Khan has said that 40 police stations will be closed along with other local contact kiosks in libraries and supermarkets, leaving around 32 in operation - roughly one per borough. Instead, the public will be encouraged to report crime via the Internet or phone, rather than walking into a physical location. The argument being made is that these days fewer people, anyway, are actually going into police stations voluntarily, either to ask for directions or to actually report crime. The era of Dixon Of Dock Green is well and truly over. The logic, therefore, is that a borough's ward teams get out and about in London's high streets (where coffee shops have proliferated as other forms of employment have disappeared). As a result, the likes of Costa, Starbucks and Cafe Nero have become prominent parts of local social fabric, making them sensible locations for community engagement. But is such visibility enough? Didn't the local nick, with its traditional blue lamp above the front door, provide a more imposing statement of the police's authority in a town?
The mayor and senior Met officers apparently want to see officers spend more time on the beat. The trouble, though, is not so much where as to who and how many: Khan has warned that London's police numbers could fall below 30,000 as a result of government cuts, putting severe strain on the Met's plan to have at least two dedicated beat officers in every London ward by the end of the year.
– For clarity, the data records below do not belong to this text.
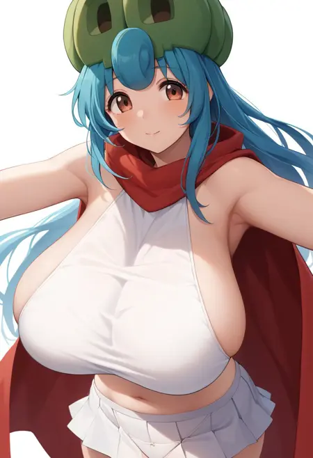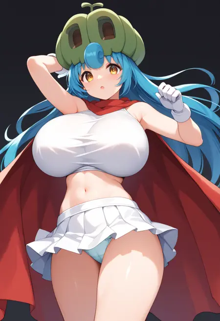 pampoojeny, blue hair, long hair, red cape, short skirt, panties, huge breasts, brown eyes, mature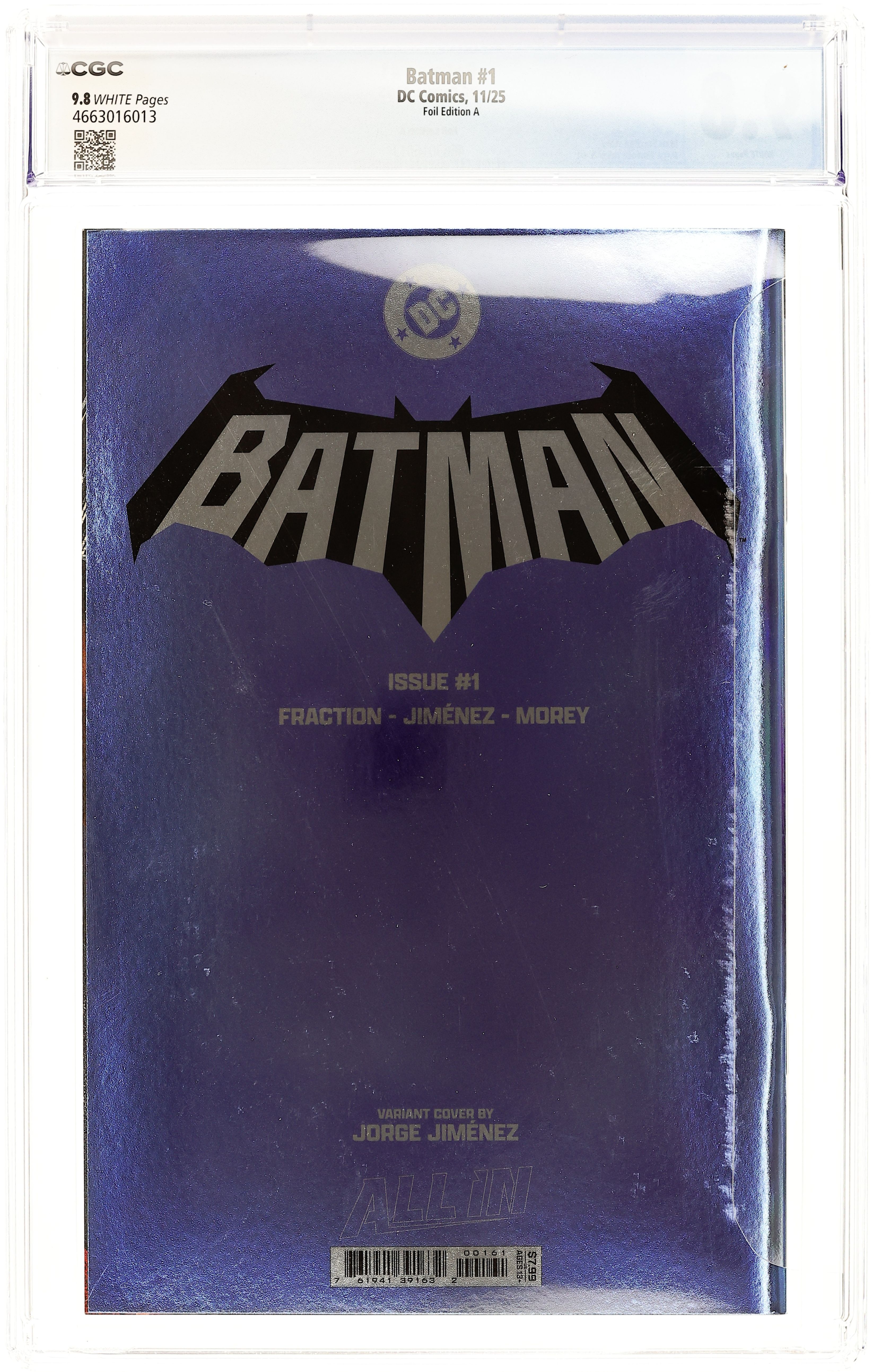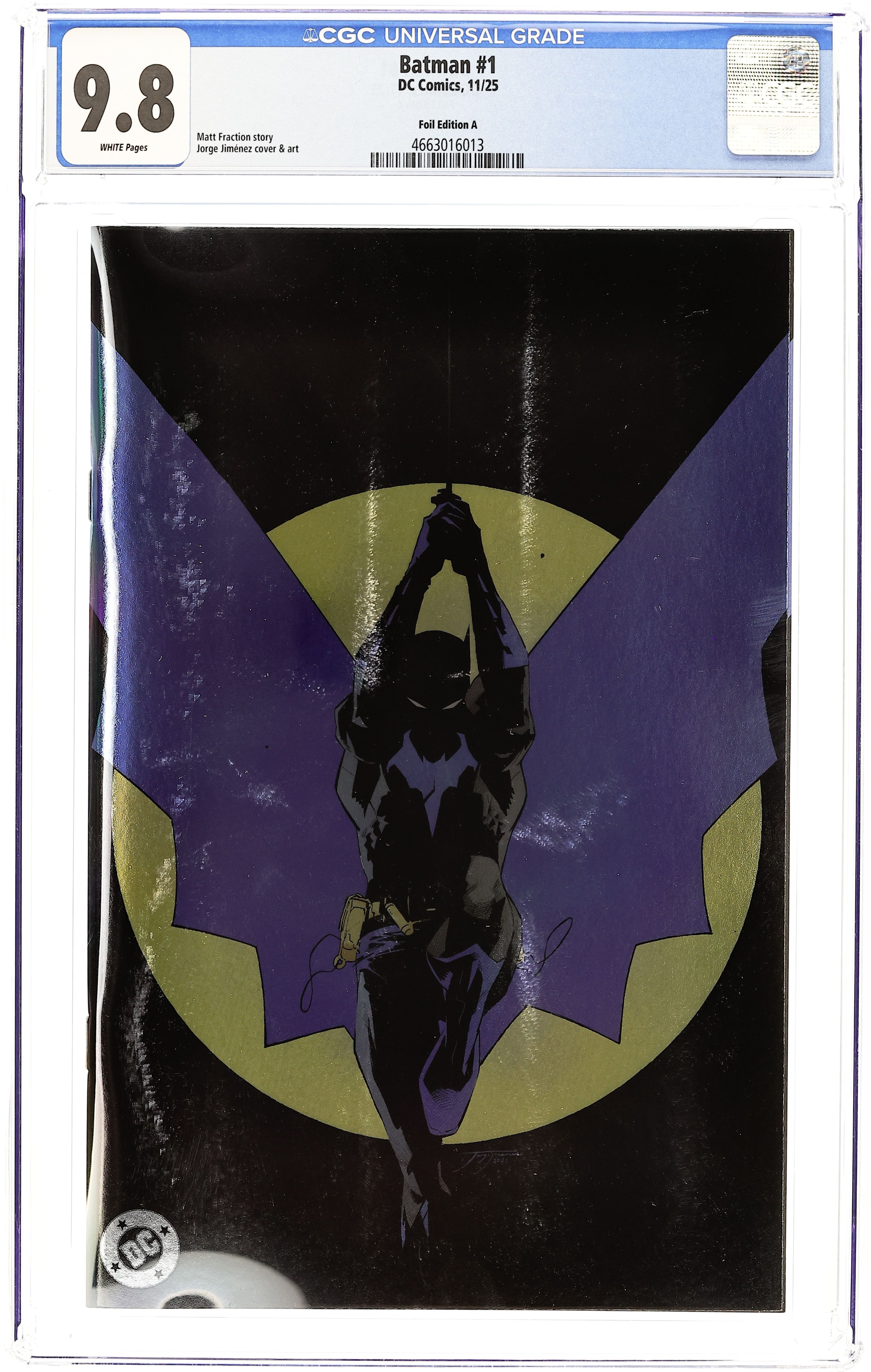 Blind bag foil variant. Written by Matt Fraction. Art by Jorge Jimenez. Cover by Jorge Jimenez. A BOLD NEW ERA OF BATMAN STARTS HERE! A new day dawns for the Dark Knight Detective as Eisner Award-winning writer Matt Fraction (Hawkeye, Superman's Pal Jimmy Olsen) joins forces with superstar artist Jorge Jimenez (Batman, Summer of Superman Special) for an unforgettable new era of Batman! The best superhero in comics gets a brand-new first issue to kick off this new era that will test Batman and Bruce Wayne like never before! 40 pages, full color. Rated T+ Cover price $4.99.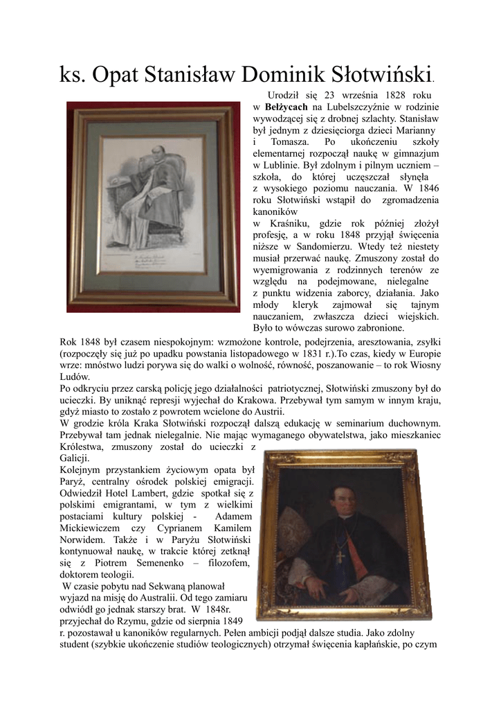 ks. Opat Stanisław Dominik Słotwiński. Urodził się 23 września 1828 roku w Bełżycach na Lubelszczyźnie w rodzinie wywodzącej się z drobnej szlachty. Stanisław był jednym z dziesięciorga dzieci Marianny i Tomasza. Po ukończeniu szkoły elementarnej rozpoczął naukę w gimnazjum w Lublinie. Był zdolnym i pilnym uczniem – szkoła, do której uczęszczał słynęła z wysokiego poziomu nauczania. W 1846 roku Słotwiński wstąpił do zgromadzenia kanoników w Kraśniku, gdzie rok później złożył profesję, a w roku 1848 przyjął święcenia niższe w Sandomierzu. Wtedy też niestety musiał przerwać naukę. Zmuszony został do wyemigrowania z rodzinnych terenów ze względu na podejmowane, nielegalne z punktu widzenia zaborcy, działania. Jako młody kleryk zajmował się tajnym nauczaniem, zwłaszcza dzieci wiejskich. Było to wówczas surowo zabronione. Rok 1848 był czasem niespokojnym: wzmożone kontrole, podejrzenia, aresztowania, zsyłki (rozpoczęły się już po upadku powstania listopadowego w 1831 r.).To czas, kiedy w Europie wrze: mnóstwo ludzi porywa się do walki o wolność, równość, poszanowanie – to rok Wiosny Ludów. Po odkryciu przez carską policję jego działalności patriotycznej, Słotwiński zmuszony był do ucieczki. By uniknąć represji wyjechał do Krakowa. Przebywał tym samym w innym kraju, gdyż miasto to zostało z powrotem wcielone do Austrii. W grodzie króla Kraka Słotwiński rozpoczął dalszą edukację w seminarium duchownym. Przebywał tam jednak nielegalnie. Nie mając wymaganego obywatelstwa, jako mieszkaniec Królestwa, zmuszony został do ucieczki z Galicji. Kolejnym przystankiem życiowym opata był Paryż, centralny ośrodek polskiej emigracji. Odwiedził Hotel Lambert, gdzie spotkał się z polskimi emigrantami, w tym z wielkimi postaciami kultury polskiej Adamem Mickiewiczem czy Cyprianem Kamilem Norwidem. Także i w Paryżu Słotwiński kontynuował naukę, w trakcie której zetknął się z Piotrem Semenenko – filozofem, doktorem teologii. W czasie pobytu nad Sekwaną planował wyjazd na misję do Australii. Od tego zamiaru odwiódł go jednak starszy brat. W 1848r. przyjechał do Rzymu, gdzie od sierpnia 1849 r. pozostawał u kanoników regularnych. Pełen ambicji podjął dalsze studia. Jako zdolny student (szybkie ukończenie studiów teologicznych) otrzymał święcenia kapłańskie, po czym został profesorem w kolegium zakonnym i magistrem kleryków w klasztorze kanonickim przy kościele św. Piotra w Okowach. Ks. Stanisław nie był anonimową osobą w Wiecznym Mieście. Jako doskonały retor został zauważony przez ówczesnego papieża - Piusa IX. Zaprosił on Słotwińskiego do Watykanu. Jego popularność w Rzymie rosła. Przykuwał swoją uwagę doskonałą grą na skrzypcach, piękną recytacją wierszy (także własnych) czy kaznodziejstwem. Ponadto, wzorując się na Paryżu, założył we Włoszech ośrodek pomocy dla polskich artystów. Niezależny od niego przebieg wypadków sprawił, że Słotwiński musiał jednak wracać do kraju. Został mianowany przełożonym klasztoru Bożego Ciała. W tym czasie w klasztorze narastały pewne konflikty, które Słotwiński miał zażegnać. Z tego samego powodu obowiązki przełożonego objął dopiero w maju 1857roku, by sprawować je przez 36 lat. Charakterystyczna charyzma Słotwińskiego i jego zapał nie zanikły. Z klasztoru usunął stacjonujące wojsko oraz przytułek dla ubogich prowadzony przez Towarzystwo Dobroczynności. Starał się pozyskać należne kanonikom świadczenia oraz spłacić wysokie długi. Ponadto podjął remont zaniedbanego klasztoru i kościoła oraz budowę trzech kamienic czynszowych. Choć nie zawsze był akceptowany przez zakonników, został doceniony przez kurię i parafian. Trud Słotwińskiego nie poszedł na marne. W 1861 r. Klasztor Bożego ciała podniesiono do godności opactwa a trzydziestotrzyletni Słotwiński został jego pierwszym opatem. Poprzeczkę wciąż stawiał sobie wysoko, bo chociaż mieszkał i pracował w Krakowie, dbał równocześnie o inne klasztory kanonickie w Wilnie, Kwaśniku czy Wolbromiu. Po wizycie u jezuitów w Starej Wsi także z nimi podjął współpracę. Zaprosił do Krakowa, odstąpił kamienicę i włączył zakonników do pracy duszpasterskiej parafii krakowskiej. Nauki pobierane jeszcze w Paryżu odcisnęły na opacie swe piętna. Słotwiński był przeciwnikiem zbrojnego wyzwolenia Polski. Drogi odzyskania niepodległości czy szerzenia polskości upatrywał w katolicyzmie: w czynnym udziale w obrzędach religijnych, w posłudze duszpasterskiej, prowadzeniu ośrodków wychowawczych czy wydawnictw religijnych. Stąd też jego krakowskie decyzje – m. in. poparcie nominacji bp. Antoniego Gołeckiego, określanego mianem „Wielkiego Austriaka”. Podobne decyzje doprowadziły jednak do kolejnych konfliktów ze wspólnotą. Z tego powodu w 1869 roku Słotwiński poprosił o urlop, co generalny opat Alberto Passeri zinterpretował jako oficjalne złożenie urzędu. Nieporozumienie przyczyniło się do oderwania - w roku 1870 - klasztoru od kongregacji włoskiej i oddanie go pod jurysdykcję biskupa Gałeckiego. Słotwiński, jako ciesząca się ogromną popularnością w kręgu kościelnych osobistość uczestniczył w wielu poważnych uroczystościach i przedsięwzięciach. Wymienić tu należy: koronację obrazów dominikanów w Borku Starym u Karmelitów w Krakowie i bernardynów w Kalwarii Zebrzydowskiej, w 1904r wziął też udział w pierwszym Polskim Kongresie Mariańskim. Przez cały czas utrzymywał serdeczny kontakt z prowadzącymi szkoły czy zakłady dla młodzieży, zakonami żeńskimi powołanymi przez siostry miłosierdzia. Pomagał i wspierał gorzej sytuowane krakowskie klasztory (np. wysyłał im żywność). Jego praca i zaangażowanie w oświatę, propagowanie nowego typu nabożeństw oraz współpraca z takimi organizacjami, jak: Towarzystwo Dobroczynnośc

As the BBC's brilliant recent fly-on-the-wall series The Met demonstrated, London's police do a remarkable job. Along with the fire and ambulance services I really only have absolute admiration for what they do, and the Grenfell fire and the events of June 3 in Borough Market only underline why the emergency services deserve to be resourced properly. Being able to engage the police in my local Costa is probably more of a PR exercise than one that actually prevents or reduces crime. And a coffee shop is no substitute for a police station, anyway. After all, where would you lock someone up?